YOUR OBJECTIVE >> All of the data goes into your copy exactly as written. Images do not.

MATERIAL PROVIDED >>
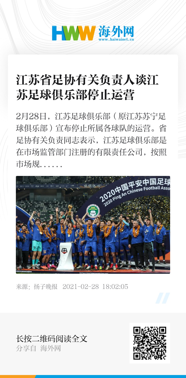 2月28日,江苏足球俱乐部(原江苏苏宁足球俱乐部)宣布停止所属各球队的运营。省足协有关负责同志表示,江苏足球俱乐部是在市场监管部门注册的有限责任公司,按照市场规律和中国足协要求自主运营的法人主体,其经营活动遵循市场化、法制化原则。我们尊重投资人作出的决定,也对俱乐部停止所属各球队的运营表示关注和惋惜,同时呼吁广大球迷理性看待,继续支持江苏足球发展,共同营造良好环境氛围。
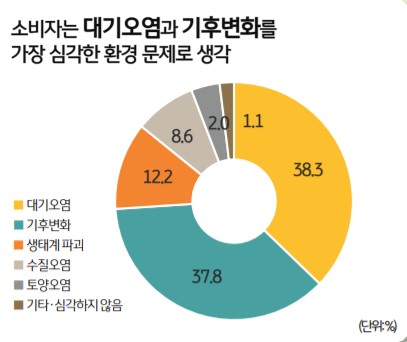 [아시아경제 박선미 기자]국내 소비자 대다수는 대기오염과 기후변화를 가장 심각한 환경 문제로 생각하고 있으며 절반 정도는 친환경 제품 구매 시 10% 이내 추가 비용을 낼 의향이 있는 것으로 드러났다.
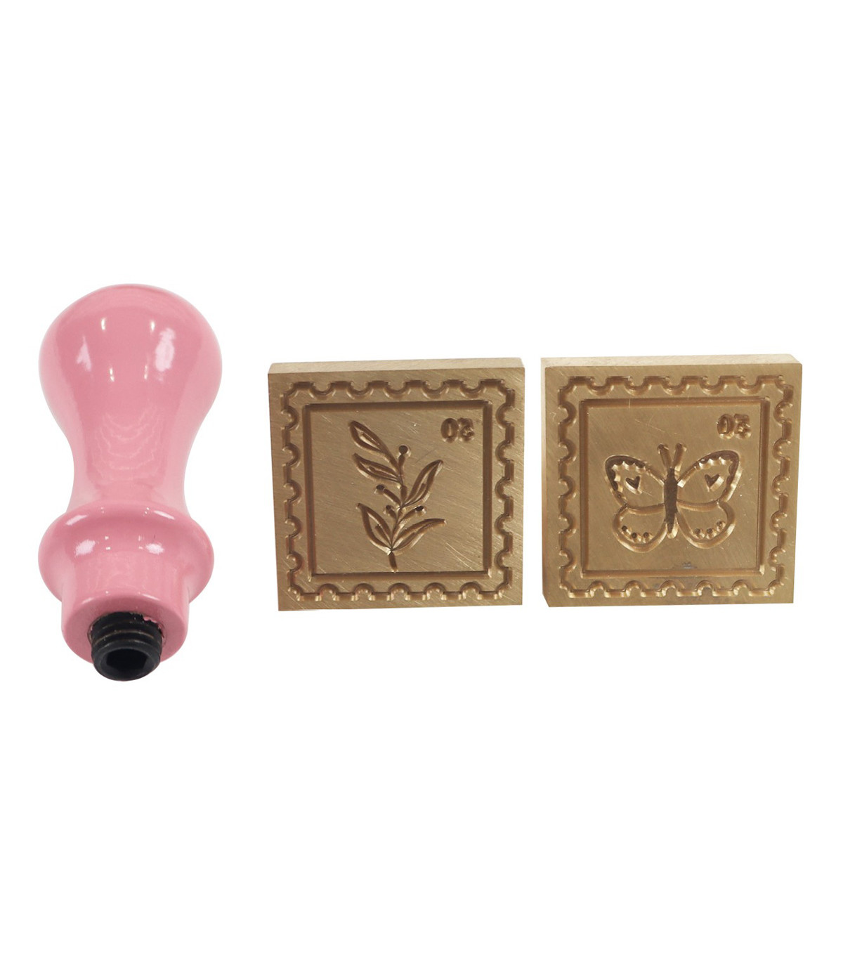 Este kit de sellos contiene mango color Rosa y dos sellos para lacre, mariposa y laurel de aproximadamente 3 x 3 cm cada uno.

EXERCISE SOLUTION >>
 2月28日,江苏足球俱乐部(原江苏苏宁足球俱乐部)宣布停止所属各球队的运营。省足协有关负责同志表示,江苏足球俱乐部是在市场监管部门注册的有限责任公司,按照市场规律和中国足协要求自主运营的法人主体,其经营活动遵循市场化、法制化原则。我们尊重投资人作出的决定,也对俱乐部停止所属各球队的运营表示关注和惋惜,同时呼吁广大球迷理性看待,继续支持江苏足球发展,共同营造良好环境氛围。
 [아시아경제 박선미 기자]국내 소비자 대다수는 대기오염과 기후변화를 가장 심각한 환경 문제로 생각하고 있으며 절반 정도는 친환경 제품 구매 시 10% 이내 추가 비용을 낼 의향이 있는 것으로 드러났다.
 Este kit de sellos contiene mango color Rosa y dos sellos para lacre, mariposa y laurel de aproximadamente 3 x 3 cm cada uno.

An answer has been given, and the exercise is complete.